■ **Excerpted records**:
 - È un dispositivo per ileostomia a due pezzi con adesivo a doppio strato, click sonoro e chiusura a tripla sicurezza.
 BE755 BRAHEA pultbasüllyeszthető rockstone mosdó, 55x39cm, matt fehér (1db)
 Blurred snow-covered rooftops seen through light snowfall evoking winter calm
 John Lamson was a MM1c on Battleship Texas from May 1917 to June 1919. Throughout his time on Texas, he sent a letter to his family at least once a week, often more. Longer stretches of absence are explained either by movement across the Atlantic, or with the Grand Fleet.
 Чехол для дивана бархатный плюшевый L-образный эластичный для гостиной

==

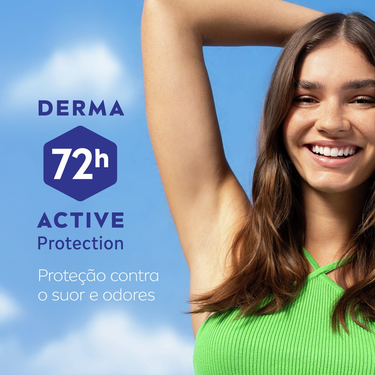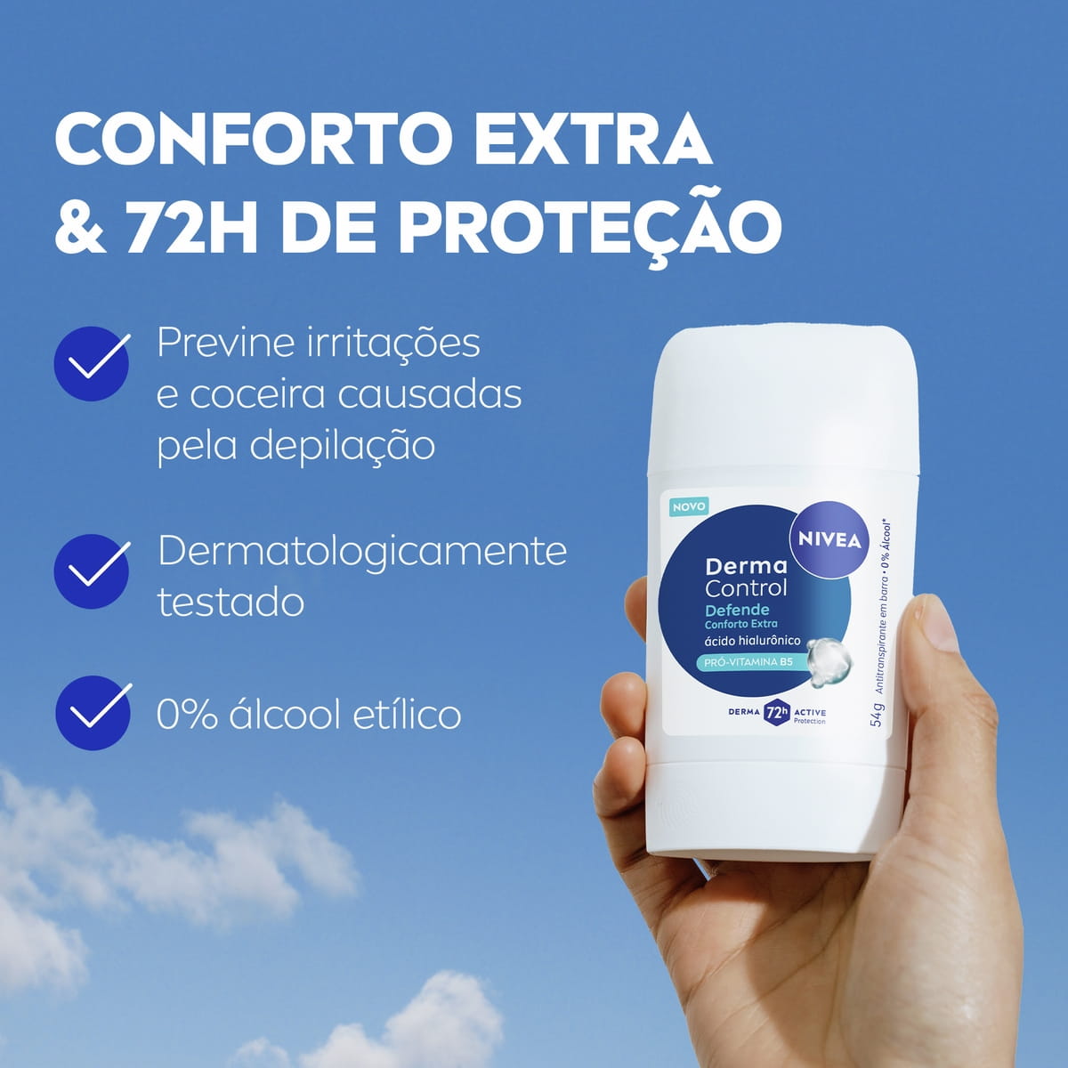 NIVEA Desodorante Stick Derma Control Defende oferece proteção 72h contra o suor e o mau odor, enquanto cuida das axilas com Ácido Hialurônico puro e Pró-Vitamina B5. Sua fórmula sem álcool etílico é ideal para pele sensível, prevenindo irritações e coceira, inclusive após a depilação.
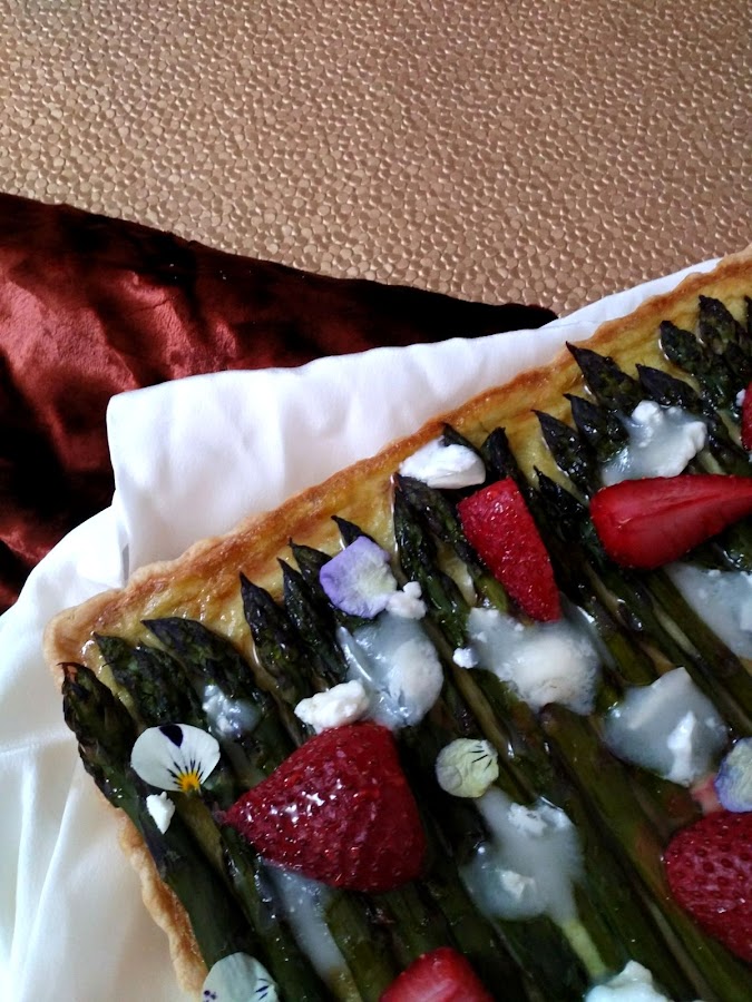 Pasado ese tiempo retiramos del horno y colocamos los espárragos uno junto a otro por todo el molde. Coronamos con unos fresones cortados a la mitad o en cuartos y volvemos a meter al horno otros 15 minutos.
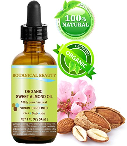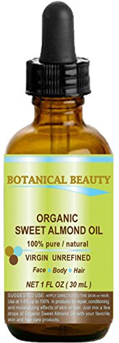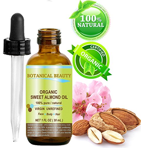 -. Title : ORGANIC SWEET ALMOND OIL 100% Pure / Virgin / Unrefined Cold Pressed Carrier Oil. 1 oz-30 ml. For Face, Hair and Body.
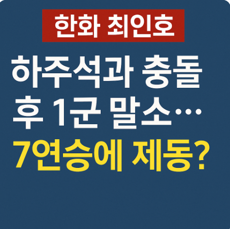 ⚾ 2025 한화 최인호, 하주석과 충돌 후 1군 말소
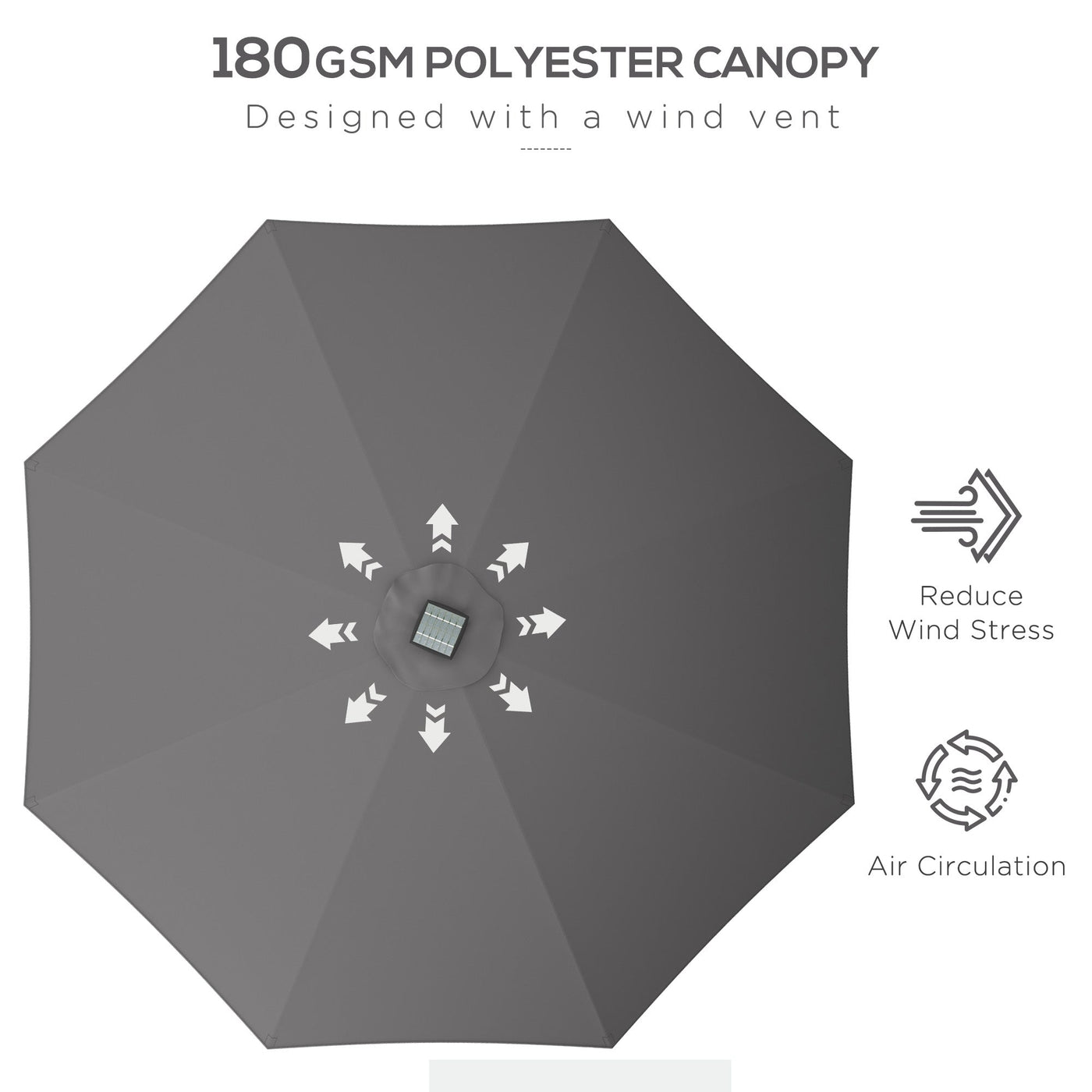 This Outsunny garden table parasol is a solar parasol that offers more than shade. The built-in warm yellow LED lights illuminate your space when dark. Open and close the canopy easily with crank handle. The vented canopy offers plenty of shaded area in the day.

■ **Your instructions**:
From the records above, extract exactly and only the lines that begin at the line with "- È un dispositivo" and stop after the line with "Blurred snow-covered rooftops".

■ **Exercise solution**:
 - È un dispositivo per ileostomia a due pezzi con adesivo a doppio strato, click sonoro e chiusura a tripla sicurezza.
 BE755 BRAHEA pultbasüllyeszthető rockstone mosdó, 55x39cm, matt fehér (1db)
 Blurred snow-covered rooftops seen through light snowfall evoking winter calm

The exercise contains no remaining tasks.